=== What is needed ===
As the answer, give exactly the lines of the records below from the one with "Decora tu fiesta" through the one with "駐車場から石段を上がるころま", ends included and pictures left out.

=== Records for this task ===
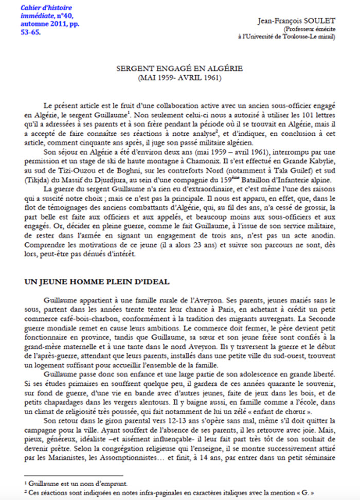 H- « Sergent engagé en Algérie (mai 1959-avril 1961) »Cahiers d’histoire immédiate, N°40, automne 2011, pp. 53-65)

==

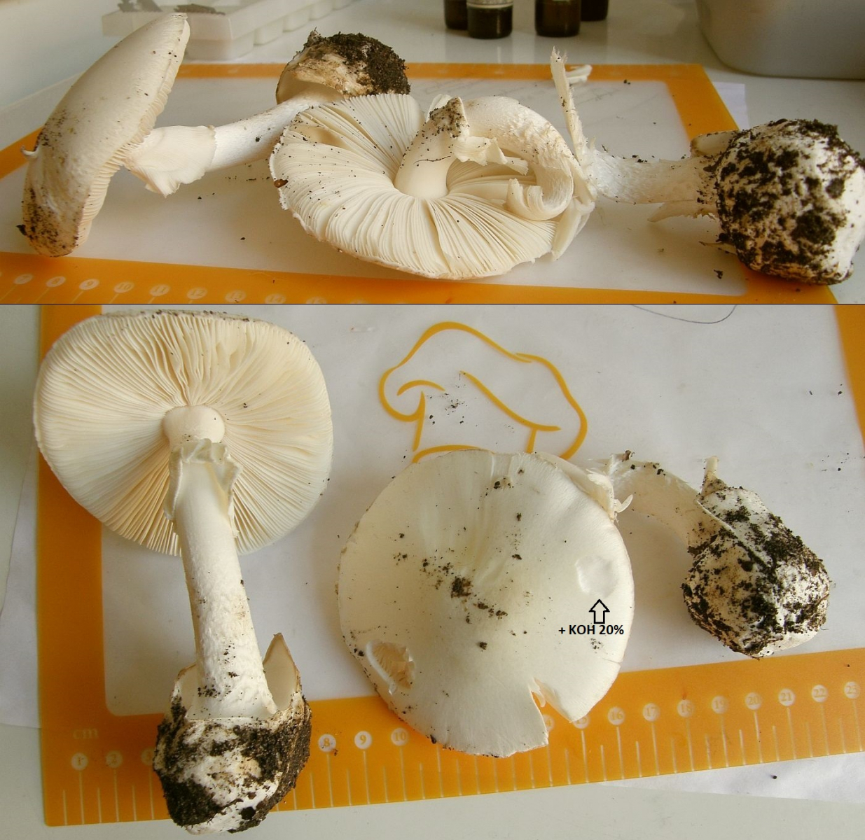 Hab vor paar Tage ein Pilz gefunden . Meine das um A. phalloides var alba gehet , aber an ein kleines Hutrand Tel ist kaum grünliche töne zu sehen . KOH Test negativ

...

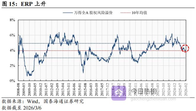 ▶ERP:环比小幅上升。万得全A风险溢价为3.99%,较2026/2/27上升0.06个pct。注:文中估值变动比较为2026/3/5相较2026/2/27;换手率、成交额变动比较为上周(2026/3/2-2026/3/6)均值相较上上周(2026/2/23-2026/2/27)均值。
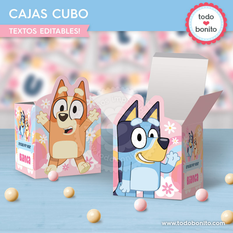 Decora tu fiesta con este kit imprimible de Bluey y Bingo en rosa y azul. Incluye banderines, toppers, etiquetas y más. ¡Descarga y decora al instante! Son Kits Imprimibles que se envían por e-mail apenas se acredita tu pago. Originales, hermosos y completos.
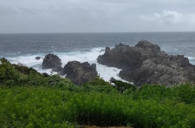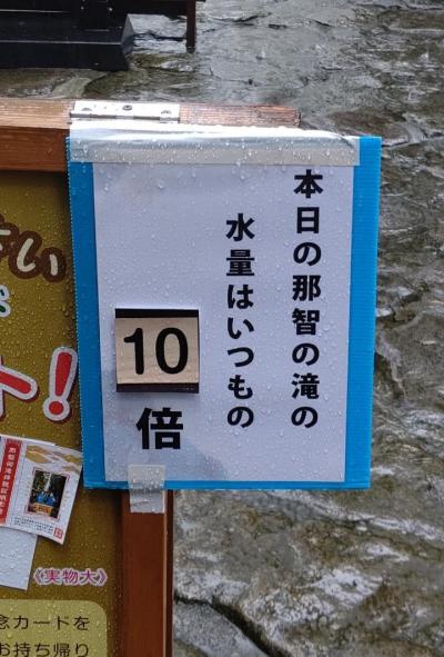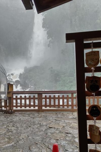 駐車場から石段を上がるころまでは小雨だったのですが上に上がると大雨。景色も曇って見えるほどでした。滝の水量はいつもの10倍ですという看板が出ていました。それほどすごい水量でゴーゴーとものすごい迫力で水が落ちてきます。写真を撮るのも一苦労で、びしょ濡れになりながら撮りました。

=== Solution below ===
 Decora tu fiesta con este kit imprimible de Bluey y Bingo en rosa y azul. Incluye banderines, toppers, etiquetas y más. ¡Descarga y decora al instante! Son Kits Imprimibles que se envían por e-mail apenas se acredita tu pago. Originales, hermosos y completos.
 駐車場から石段を上がるころまでは小雨だったのですが上に上がると大雨。景色も曇って見えるほどでした。滝の水量はいつもの10倍ですという看板が出ていました。それほどすごい水量でゴーゴーとものすごい迫力で水が落ちてきます。写真を撮るのも一苦労で、びしょ濡れになりながら撮りました。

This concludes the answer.